3. During the demonstration you will be asked to 'follow through on the controls'. It is important that you don't override your instructor. When the instructor wants you to take control, he will say 'you have control'. You will then take hold of the nominated control(s) and say 'I have control'. The reverse is true when the instructor requires to retake control. NEVER release the controls until the instructor has acknowledged: 'I have control'. This is particularly necessary in the case of the cyclic because of the rocking 'T' bar arrangement which means the instructor has to reach up for his cyclic handgrip.
THE CONTROLS
4. The Cyclic Stick. The cyclic controls the rotor disc attitude directly and
indirectly controls the fuselage attitude. The control feels very light and
only small movements are required. You will find it convenient to lower the
cyclic handgrip so that you can rest your forearm on your leg and damp out unnecessary
control movements. The cyclic stick is not self centering and in cruise flight
a slight pressure to the right would need to be maintained to maintain the helicopter
laterally level. To offset this force a pull up trim knob is on the centre console
and when pulled, applies a small spring pressure to the cyclic (not normally
required below 75Kts). Friction can be applied by means of knurled knob on the
lower console but is not used other than on the ground to lock the cyclic. Longitudinal
cyclic forces are balanced by an non-adjustable bungee spring.
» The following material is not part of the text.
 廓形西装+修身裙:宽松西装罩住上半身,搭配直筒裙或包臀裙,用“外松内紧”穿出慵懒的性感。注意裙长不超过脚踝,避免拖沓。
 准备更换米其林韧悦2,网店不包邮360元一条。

5. Initially you should note the aircraft attitude by reference to the horizon position in the windscreen. As the cyclic is eased forward the aircraft pitches nose down, airspeed increases and the aircraft descends. The opposite effect occurs if the cyclic is moved backwards. Sideways movements of the cyclic causes the aircraft to roll followed by yaw and a turn in the same direction. In normal flight therefore, the operation of the cyclic stick produces the same effects as operation of the stick in a fixed wing aircraft.
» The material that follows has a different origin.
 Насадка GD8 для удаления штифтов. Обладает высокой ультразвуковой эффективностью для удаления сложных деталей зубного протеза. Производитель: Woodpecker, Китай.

6. The collective Lever. The lever increases or decreases the main rotor blades pitch simultaneously and therefore controls the total rotor thrust. A balance spring is incorporated in the linkage to offset a tendency for the lever to move downwards. Feel is proportional to the amount of friction applied by a small toggle lever near the aft end of the collective. If the collective is raised, not only is there an increase in total rotor thrust, there is also an increase in rotor drag. This would lead to a drop in rotor speed (RRPM). To offset this the collective is also connected to the engine throttle by a linkage. Thus, when the lever is raised the engine power is increased, shown on the manifold air pressure gauge (MAP) and RRPM remain approximately constant in the cruise power range. Similarly when the lever is lowered, MAP reduced and RRPM remain constant. However the change in engine power changes the torque force applied to the main rotor shaft causing the helicopter to yaw in the absence of corrective pedal movements. To summarise, raising the lever causes the helicopter to climb; MAP rises and the aircraft yaws to the right. Lowering the lever causes the aircraft to descend; MAP reduces and the aircraft yaws to the left.
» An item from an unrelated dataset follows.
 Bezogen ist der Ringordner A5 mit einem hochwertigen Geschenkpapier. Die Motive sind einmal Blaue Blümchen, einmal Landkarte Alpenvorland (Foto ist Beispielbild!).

7. The Twist grip Throttle. The throttle twist grip is very sensitive and is used to maintain the RRPM. It must be realised that the throttle linkage to the collective does not do a perfect job and in a sense the throttle twist grip is used as a trimmer to maintain exact RRPM. When the throttle is opened (away from you) MAP increases, RRPM increases and the extra torque causes a yaw to the right. Closing the throttle (towards you) reduces MAP, lowers RRPM and causes a yaw to the left.
8. Yaw Pedals. The pedals are very light and sensitive. Left pedal causes the nose to yaw to the left and the Yaw String to move to the left. The opposite effect will be noted when the right pedal is pushed. In forward flight however the yaw pedals are not used to turn the aircraft but to maintain balanced flight with the Yaw String in the centre, i.e. if the Yaw String is to the left, apply right pedal to centre it. The aircraft will then be flying most efficiently. Pedal movements change the collective pitch of the tail rotor, thus altering the power demanded by the tail rotor; hence application of the left pedal will cause the main RRPM to reduce and vice versa with right pedal. Flying out of balance will cause the airspeed to reduce.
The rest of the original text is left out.